Реальные масштабы времени и пространства в «Грозе» смещены и спутаны. Вместо матушки-Волги здесь узкий жестяной желоб-водоотвод, вместо крутого волжского откоса – стена с театральной машинерией и винтовой лестницей, уходящей к колосникам. И даже собственно гроза, как физическое стихия заменена на «людей грозы» — двух почти безмолвных молодых актеров, выносящих при необходимости гулкие листы металла, какими в старом театре обычно имитировали раскаты грома.
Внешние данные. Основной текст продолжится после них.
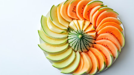 A creative display of cantaloupe and watermelon slices forming a spiral pattern on a white backdrop

Не только за счет этой пары, но «Гроза» кажется неожиданно перенаселенной, плотной и насыщенной реальным действием. Должно быть, оттого, что нет ролек из массовки, а каждому персонажу, в том числе и присочиненному к пьесе слабоумному приживалу Кабанихи, дано свое лицо и свой голос. Что же Катерина? История ее проста и с героическим протестом ничего общего не имеет. Девочка становится женщиной – но ценой собственной жизни. Ничто так не актуализирует в наше время классические драматургические тексты, как сильно сыгранные простые истории.